Il ragazzo si rabbuiò in volto, poi disse: "Comunque non aveva il diritto di violentarmi."

"Ma dai! Ha violentato pure a me. Mi ha sverginato, a me, ma mica mi ha tolto l'onore."

"Te? Ti ha violentato e stai con lui?"

"Vieni dentro, parliamo."

"Cos'è, un tranello?"

"Ma dai! Sali!" disse e gli fece strada. "Un bicchiere di vino?" offrì quando furono dentro.

"No. Non si beve a casa di nemici."

"Mica ti sono nemico, io."

"Ma sei amico suo."

"Non è successo quasi tre anni fa?"

"E beh? Sono tre anni che lo cerco."

"Cazzo! Per sfidarlo al coltello."

"Certo."

"Guarda che lui è fortissimo col coltello. Ci rimetti tu."

"Ci rimetto io comunque. Al campo mi ripetono che se non mi vendico vuol dire che sono frocio."
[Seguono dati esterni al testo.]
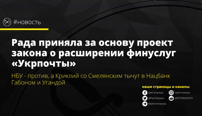 Верховная Рада в первом чтении приняла за основу законопроект 2788-д «О внесении изменений в некоторые законодательные акты Украины относительно финансовых услуг в области почтовой связи», который предусматривает расширение спектра финансовых услуг «Укрпочты». В НБУ выступили с критикой такого законопроекта, а министр инфраструктуры и глава «Укрпочты» доказывают необходимость таких изменений.
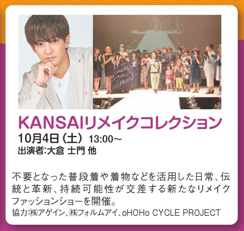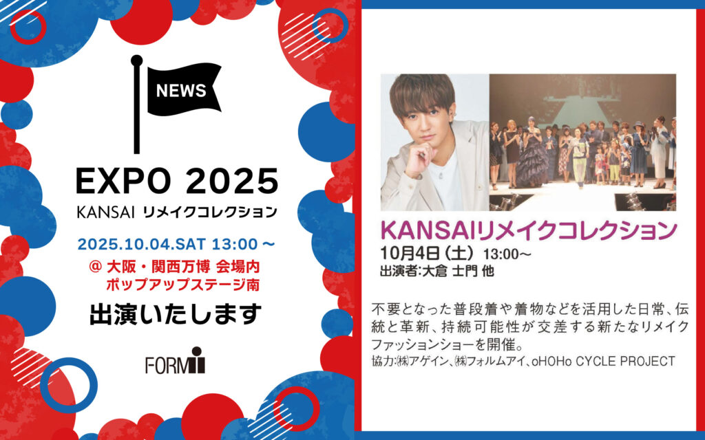 期間中 10月4日(土)に行われる KANSAIリメイクコレクションに、株式会社フォルムアイが出演することとなりました。
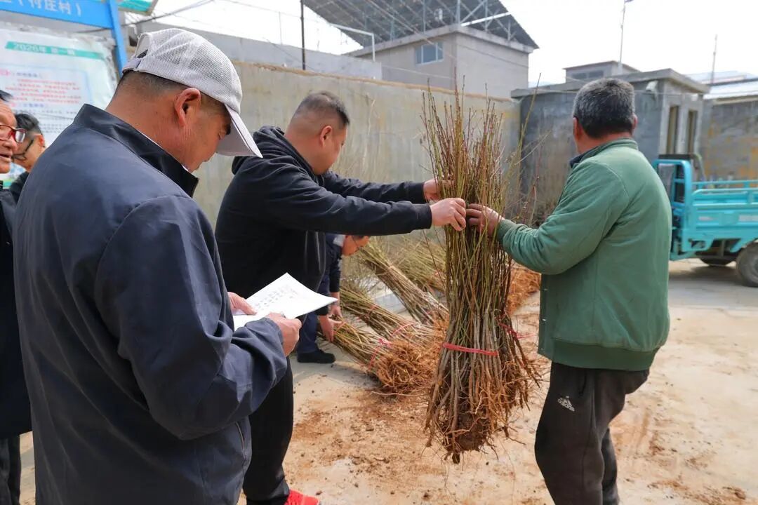 春风催新绿,植树正当时。植树节来临之际,程平君发起了“党建+电商+爱心助农”桃树新品种免费发放活动,对付庄等5个村的种植大户进行扶持。“这些树苗具有抗病性强、口感佳、上市周期长、市场效益好等优势。利用种植大户的龙头带动作用,引导大家更新换代,优化本地桃品种结构,推动果农增收。”
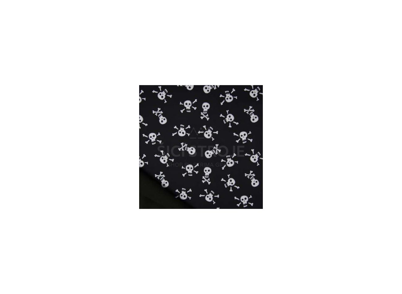 Soft Shell Print, 97% polyester, 3% elastan, minimálna šírka 145 cm, gramáž 250 g/m2, vzor skulls, farba black

"Ah, perché, tu non lo sei? Io sì."

"Eh?"

"Sì, voglio dire che a me mi piace fare l'amore con un maschio. E Zanko è maschio... lo sai anche tu, no?"

"Ma i Sinti non li vogliono quelli così."
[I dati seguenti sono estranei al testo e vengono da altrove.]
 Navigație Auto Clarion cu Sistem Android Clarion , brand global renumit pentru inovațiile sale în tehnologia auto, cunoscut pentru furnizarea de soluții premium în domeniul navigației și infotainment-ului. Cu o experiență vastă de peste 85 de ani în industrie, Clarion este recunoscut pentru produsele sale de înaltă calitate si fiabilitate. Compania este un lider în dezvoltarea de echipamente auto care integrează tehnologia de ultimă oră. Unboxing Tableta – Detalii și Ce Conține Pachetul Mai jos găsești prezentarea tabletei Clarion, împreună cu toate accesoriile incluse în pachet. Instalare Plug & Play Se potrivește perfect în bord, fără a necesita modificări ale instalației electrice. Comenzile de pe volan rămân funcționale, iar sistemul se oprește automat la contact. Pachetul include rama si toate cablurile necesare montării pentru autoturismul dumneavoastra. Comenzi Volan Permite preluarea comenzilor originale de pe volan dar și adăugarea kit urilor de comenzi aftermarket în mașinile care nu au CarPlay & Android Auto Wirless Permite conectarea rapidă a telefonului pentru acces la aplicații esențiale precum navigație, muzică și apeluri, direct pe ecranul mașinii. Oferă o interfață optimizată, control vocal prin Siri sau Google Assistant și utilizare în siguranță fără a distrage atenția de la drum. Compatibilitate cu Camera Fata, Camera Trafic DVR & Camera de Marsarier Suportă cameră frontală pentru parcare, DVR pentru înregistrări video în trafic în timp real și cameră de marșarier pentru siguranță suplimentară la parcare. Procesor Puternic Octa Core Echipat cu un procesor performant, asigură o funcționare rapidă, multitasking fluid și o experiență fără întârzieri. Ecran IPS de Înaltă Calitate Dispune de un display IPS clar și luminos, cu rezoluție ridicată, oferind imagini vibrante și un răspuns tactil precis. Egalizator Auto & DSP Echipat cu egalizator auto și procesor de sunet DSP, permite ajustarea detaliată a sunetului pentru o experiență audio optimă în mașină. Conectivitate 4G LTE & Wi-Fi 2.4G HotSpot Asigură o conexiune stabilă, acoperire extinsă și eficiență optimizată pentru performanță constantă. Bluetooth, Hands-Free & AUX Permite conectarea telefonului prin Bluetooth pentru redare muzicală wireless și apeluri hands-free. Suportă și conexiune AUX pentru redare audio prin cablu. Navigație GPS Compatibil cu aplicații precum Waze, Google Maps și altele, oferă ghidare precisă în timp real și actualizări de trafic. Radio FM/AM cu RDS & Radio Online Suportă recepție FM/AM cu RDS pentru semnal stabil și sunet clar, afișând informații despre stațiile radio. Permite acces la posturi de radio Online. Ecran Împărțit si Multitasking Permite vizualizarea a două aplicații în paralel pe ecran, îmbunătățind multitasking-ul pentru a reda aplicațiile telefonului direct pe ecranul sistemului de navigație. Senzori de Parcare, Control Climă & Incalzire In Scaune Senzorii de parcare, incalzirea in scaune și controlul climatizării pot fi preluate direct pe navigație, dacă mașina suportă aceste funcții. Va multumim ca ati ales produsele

"E perciò tu devi dimostrare che non sei un frocio. E magari poi ti sposi pure."

"Certo."

"Ma dimmi la verità, a quattr'occhi... a te pure piacciono i maschi, no?"
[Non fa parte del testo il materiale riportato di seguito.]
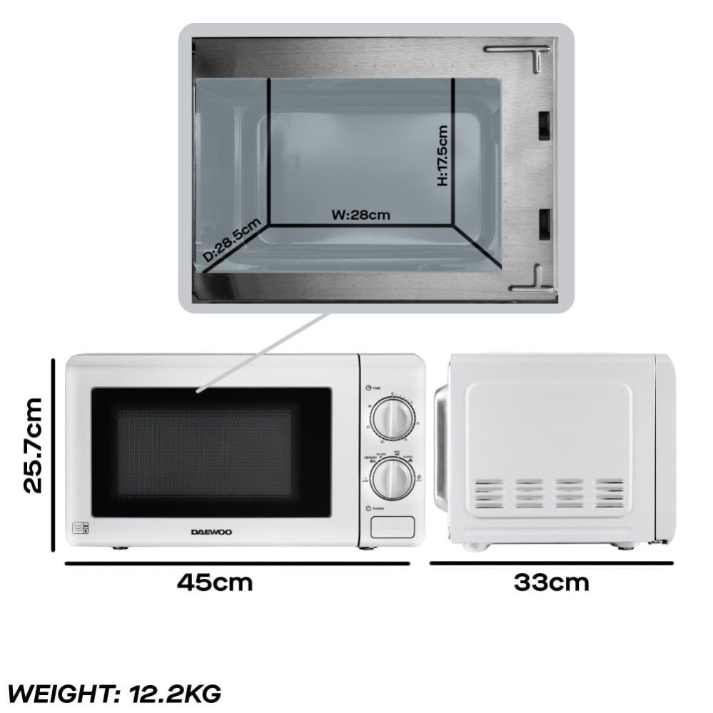 Daewoo 20L White Manual 800W Microwave with Stainless Steel Cavity
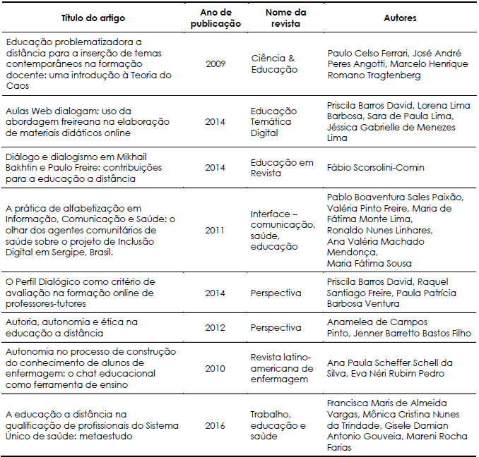 Acredita-se que os trabalhos seriam coerentes com a perspectiva teórico-filosófica de Paulo Freire por considerarem categorias de seu pensamento, articulando-os em suas pesquisas empíricas e discussões de caráter teórico. Em alguns artigos que compuseram a amostra, parte dos autores deixa explícito que certos conceitos freireanos são muito importantes para que os estudantes desenvolvam autonomia e criticidade. Exemplo disso são as considerações de Silva e Pedro (2010, p. 74), para quem as tecnologias de informação e comunicação (TICs) oferecem possibilidades de estímulos e desafios para o exercício da curiosidade, o que pode auxiliar o aluno na construção de sua autonomia.

"Che cazzo c'entra questo? Lui mi ha violentato."

"Beh, è un po' impulsivo, Zanko... E poi tu l'avevi provocato, no?"

"A parole. Si fa sempre fra Sinti e Rom."

"No, gli avevi sputato davanti. Questo non è solo a parole. E comunque t'era piaciuto, no?"

"Non doveva tagliarmi i panni e mettermi in ridicolo."

"Beh, questo lo dice pure lui..."

"Ah sì? Davvero?"

Patrizio guardò il ragazzo e gli disse: "Senti... ti andrebbe di fare sesso con me?"

"Che? Io vengo qui per vendicarmi... e tu mi proponi una scopata?"

"Tu violenti me, mi tagli pure i calzoni se ti va e così siete pari, no?"

"Tu sei tutto matto nella testa."

"No, è che tu sei un bel ragazzo e mi piacerebbe farlo con te. E evitare che Zanko ti faccia un buco nella pancia o che ti sfregi la tua bella faccia..."

"Ma se mi sfregia, posso tornare a testa alta al mio campo."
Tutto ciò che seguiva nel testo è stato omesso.